Люди стали во весь голос критиковать антилитературу и, прежде всего, Бабаевского с его «Кавалером Золотой Звезды». Фальшь таких книг стала вопиющей после сентябрьского пленума ЦК партии 1953 года, когда выяснилось, что коров ныне в СССР меньше, чем при Николае II.

Подобные открытия – позднее все более редкие – привели не только к краху «деревенской» антилитературы, трубившей о полном изобилии в годину голода, но и к трагедии таких даровитых писателей, как Сергей Антонов. Его бесспорно талантливые рассказы о деревне, частушечно-фольклорной, напоенной запахами трав, написаны скорее глазами дачника, отпускника. Они не претендовали на обобщения. Но все равно талантливый писатель не мог простить себе того, что в годы разора и голода он отделывался «частушечными рассказами», и надолго замолчал…

Напротив, подняли голос писатели-националы.

Крупный дагестанский поэт Расул Гамзатов серьезно заинтересовался трагедией Шамиля, преданного Россией, требовал поставить ему памятник; а позднее, на съезде писателей, выступил с поздравлением, от которого, помню, председательствовавший Сергей Михалков вскочил, точно на гвоздь сел.

– Я па-аздравляю, – гулко, в съездовские микрофоны, нарочито замедленно начал Расул Гамзатов. – Па-аздравляю русских писателей – первых среди равных – от имени дагестанского народа – предпоследнего среди равных…

Эммануил Казакевич, побывавший в Венгрии, привез оттуда анекдот, также свидетельствующий о том, что советское великодержавие для многих народов – кость в горле. Он неизменно добавлял, что услышал его в Будапештском райкоме партии. «Заключен-де пакт между СССР и Венгрией, – шутили секретари Будапештского горкома, – о свободе плавания по Дунаю. Русским – вдоль реки, а венграм – поперек…»

Увы! Политические анекдоты безвременья, затопившие Россию, так анекдотами и остались: словотворчеством в те времена оторопи и прозрения временно не интересовалась даже припугнутая госбезопасность.

Сразу после смерти Сталина – почти на другой день – усилилось шуршание листов самиздата. То, что лежало в тайниках, уцелело после чисток 37-го года, стало множиться и расползаться по стране.

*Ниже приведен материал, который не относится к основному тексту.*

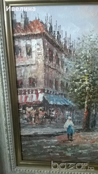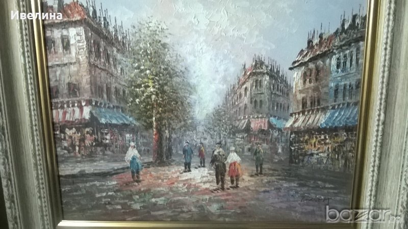картина-градски пейзаж.стил-импресия,масло на платно с подрамка.подписана,масивна дървена рамка с размери 59см/67см,вътрешни 40см/50см.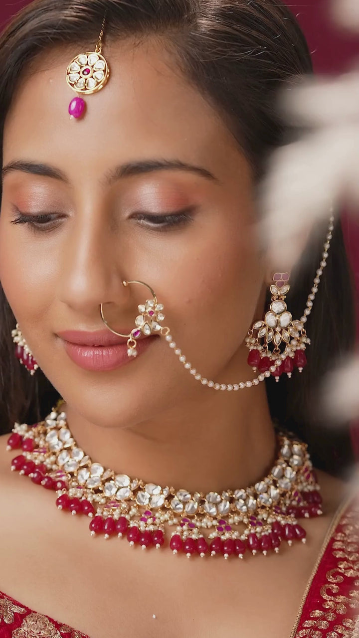 Enhance your elegance with this stunning Kundan necklace and earrings set, intricately designed to blend tradition with timeless beauty. The necklace features brilliant Kundan stones, set in a gold-plated base, adorned with rich ruby red drops that add a pop of color and sophistication. The matching earrings perfectly complement the necklace, creating a cohesive and luxurious look. Whether for a wedding, festive occasion, or special event, this jewelry set is sure to make you stand out.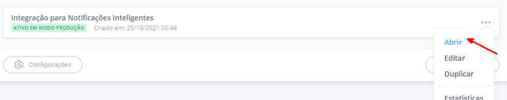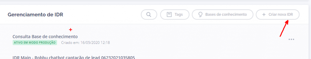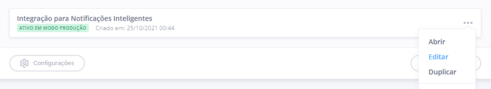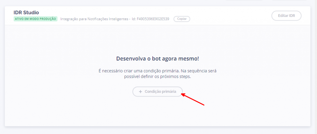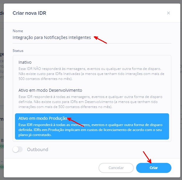 Informe o nome da sua integração (IDR), escolhe o status entre “Ativo em modo de Desenvolvimento” ou “Ativo em modo de Produção”. Clique em “Criar”.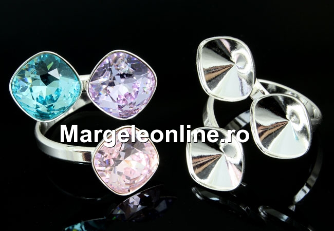 Baza inel cu bordura pentru 3 fancy rivoli Swarovski 4470 de 10mm, interior reglabil, material: accesorii bijuterii argint 925 , marcat. Pretul este pentru 1 bucata. Produsul din imagine este cu titlu de prezentare si poate fi achizitionat din categoria Fancy square Swarovski.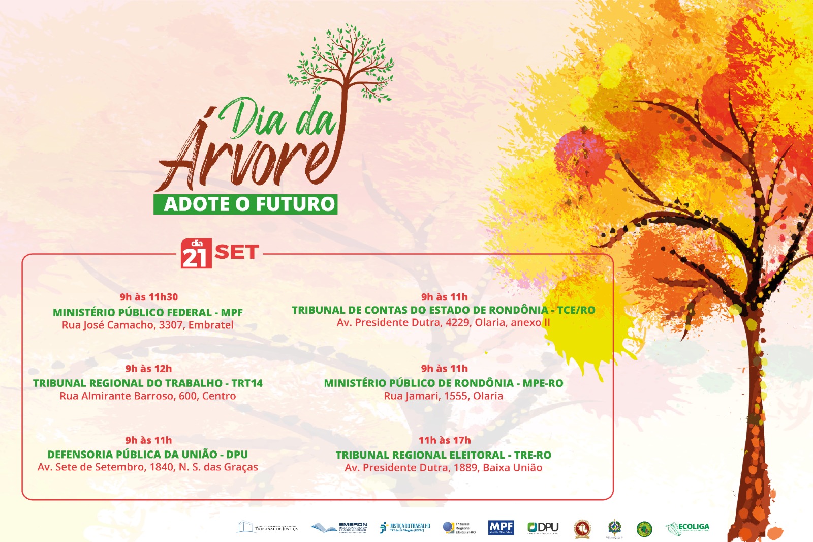 Nesta quinta e sexta-feira, 21 e 22 de setembro, sete órgãos públicos integrantes da Ecoliga de Rondônia terão distribuição de mudas de árvores amazônicas, durante a campanha “Adote o Futuro”. A ação é idealizada e coordenada pela Escola da Magistratura do Estado (Emeron), com apoio do Batalhão de Polícia Ambiental (BPA) da Polícia Militar de Rondônia.

Любопытно, что же стало самиздатом после марта 1953 года, кроме стихов Гумилева и Цветаевой, имевших распространение лишь в университетском кругу?

Каков был новый самиздат?

Как это ни парадоксально, новым самиздатом стал… Ленин. Помнится, в тот год я впервые прочитал, на тетрадном листочке, копию письма Ленина к народному комиссару юстиции Д. Курскому, в котором призывалось «обосновать и узаконить» террор… «без фальши и прикрас…», «… формулировать надо как можно шире…»

Оказалось, это письмо было напечатано и ранее, но – наше поколение все открывало заново. С несравненно большим вниманием мы читали и то, что от нас скрывали всегда. Помню, как поразили меня слова Веры Засулич, напечатанные 26 ноября 1917 года в России. Слова народоволки, стрелявшей в губернатора. Ее считали героиней даже в сталинское время. Она прочно вошла в историю русского освободительного движения. И вдруг выяснилось – народная героиня сказала вот что: «Защищать свободу печатного слова от Ленина с компанией можно только делом. Ни урезонивать их, ни запугать невозможно… Нас, социалистов, Ленин пытается запугать тем, что борьба с его владычеством является борьбой «в рядах буржуазии» – против рабочих, солдат и прочих масс. Но это такая же ложь, как и все остальное… Борьба идет… не против масс, а против лжи, которой их опутывают… Неустанной борьбой русские люди докажут – самим себе докажут, а это очень важно, – что кроме деспотов и рабов в России есть граждане…» («Протест русских писателей», 26/Х1 1917 года).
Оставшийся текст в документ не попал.